Changpeng Zhao, the founder of Binance, has given one of his most personal accounts yet of his time in prison. He described the experience as emotionally jarring, deeply humbling, and far removed from his life as one of crypto’s most powerful executives.
Speaking during a rare interview at the World Economic Forum in Davos, Zhao, widely known as CZ, opened up about what it was like to serve a four-month U.S. prison sentence in 2024 after pleading guilty to violations of the Bank Secrecy Act. Interestingly, his reflections focused less on legal outcomes and more on the psychological toll of incarceration.

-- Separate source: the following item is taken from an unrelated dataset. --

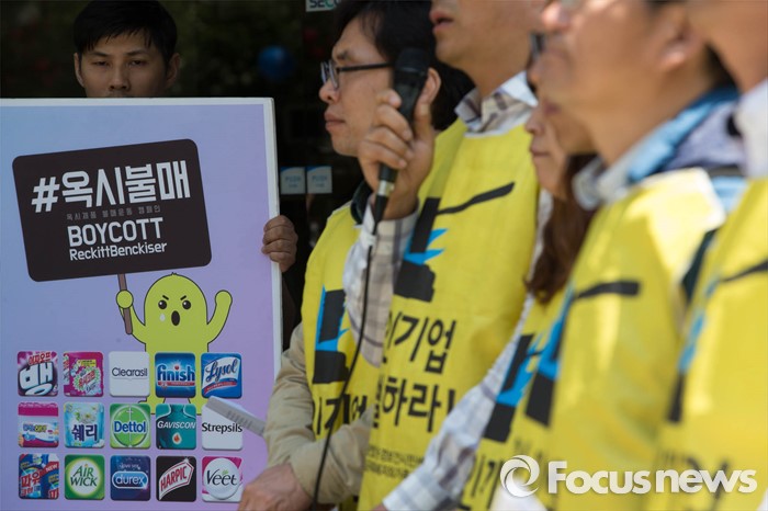 (서울=포커스뉴스) 17일 오후 서울 종로구 내자동 '김앤장' 법률사무소 앞에서 환경 및 시민단체와 가습기 살균제 피해자들이 '김앤장' 법률사무소의 옥시 불법행위 은폐 의혹을 규탄하며 기자회견을 하고 있다.
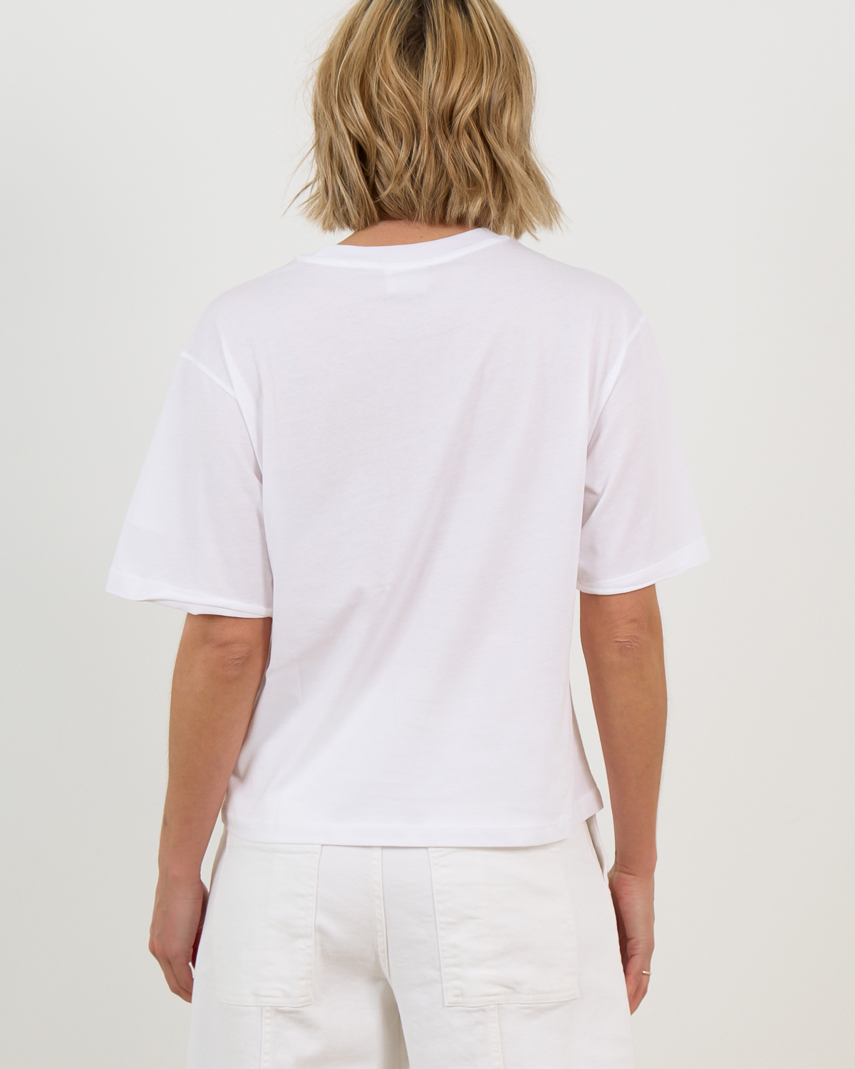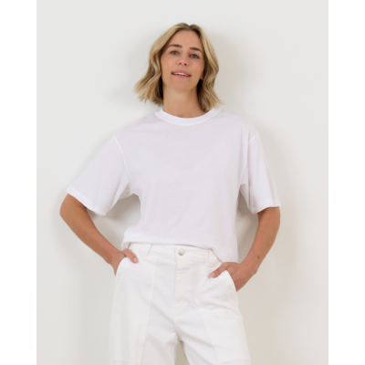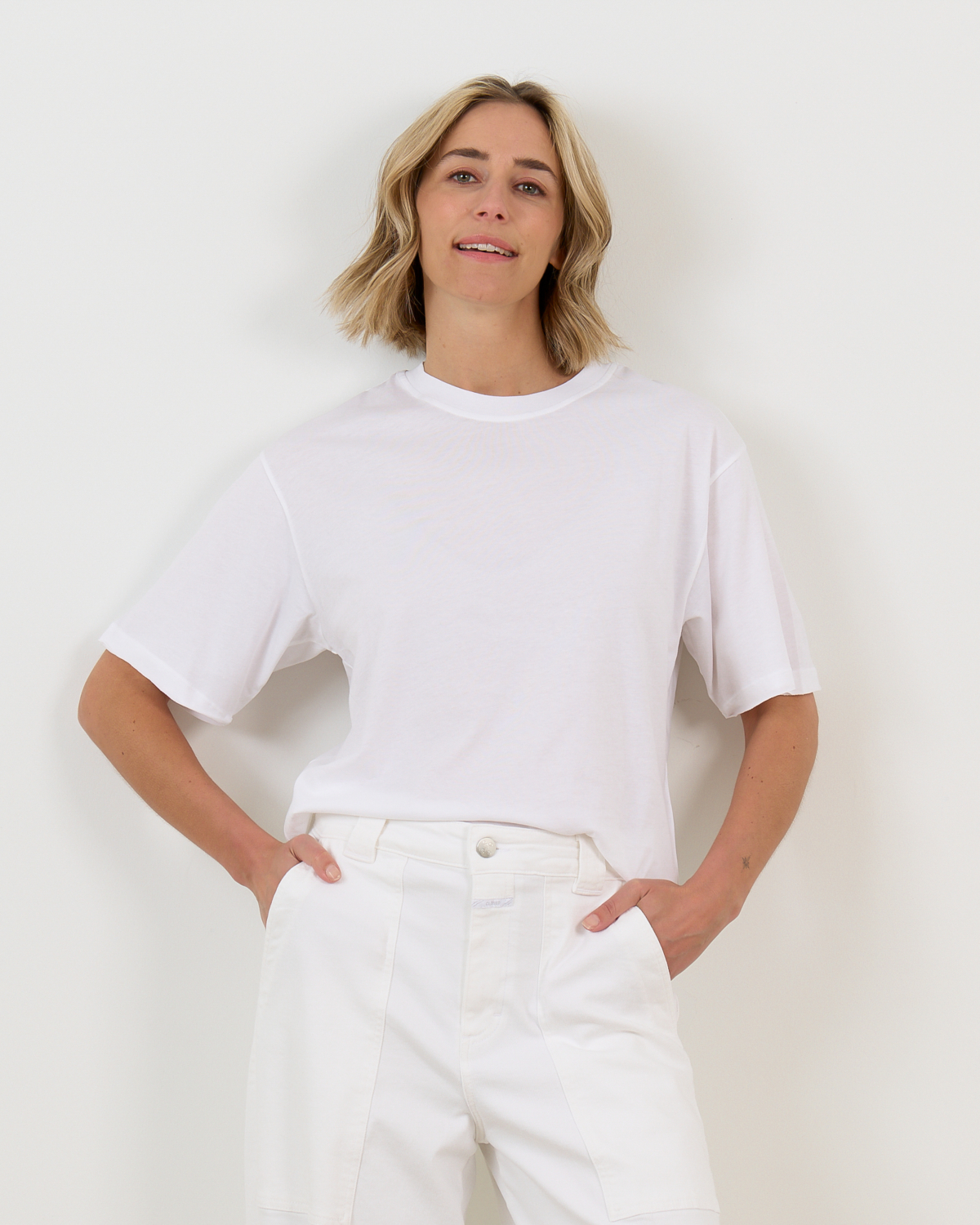 Dit witte shirt met korte mouwen straalt moderne elegantie uit. De ronde hals en relaxed fit zorgen voor een comfortabele draagervaring, terwijl het 100% biologisch katoen aangenaam aanvoelt op de huid. Het discrete CLOSED label aan de zijkant geeft dit basic item een verfijnde touch. De wit tint past bij elke gelegenheid en de korte mouwen maken het perfect voor de warmere dagen.

“It’s not fun. The movies are pretty accurate, my first roommate was a double murderer… nice guy, but it’s not a good experience,” CZ reveals.
CZ’s Inside Prison Experience
Zhao recalled his first day behind bars as an abrupt confrontation with a reality he never expected to face. “The first day was pretty brutal,” describing the intake process and the immediate loss of privacy and autonomy.
Despite the shock, Zhao said he approached prison with a survival mindset rather than emotional resistance. Moreover, he described himself as emotionally steady, choosing to count down the days rather than dwell on the injustice he felt.
“Four months I just had to get through it,” he explained.
Arguably, sharing a confined space with a convicted double murderer highlights how dramatically his circumstances had changed. Furthermore, CZ noted that while his cellmate was not hostile, the environment itself was unsettling. The experience, he said, stripped away any illusion of control and reinforced how exposed and vulnerable prison life can be.
Post-Prison Reflections and Regrets
Zhao was pardoned by President Donald Trump in late 2025, a moment he described as profoundly liberating.
“I was a free man before, but with a felon status. Now I’m a real free man, psychologically, it’s like a burden that’s just lifted,” he stated.
Looking back, CZ acknowledged regrets, particularly around Binance’s early exposure to U.S. users.
“If I started over again, I would have blocked U.S. users from day one.”
Notably, he explained that Binance began as a small tech startup, unaware that its early decisions would later become central to its legal troubles. Now stepping away from daily involvement at Binance, CZ says prison permanently altered his perspective.
Nonetheless, while he remains a long-term believer in crypto, the experience, he suggested, taught him restraint, accountability, and the high personal cost of regulatory blind spots; lessons learned the hard way, in a cell shared with a convicted killer.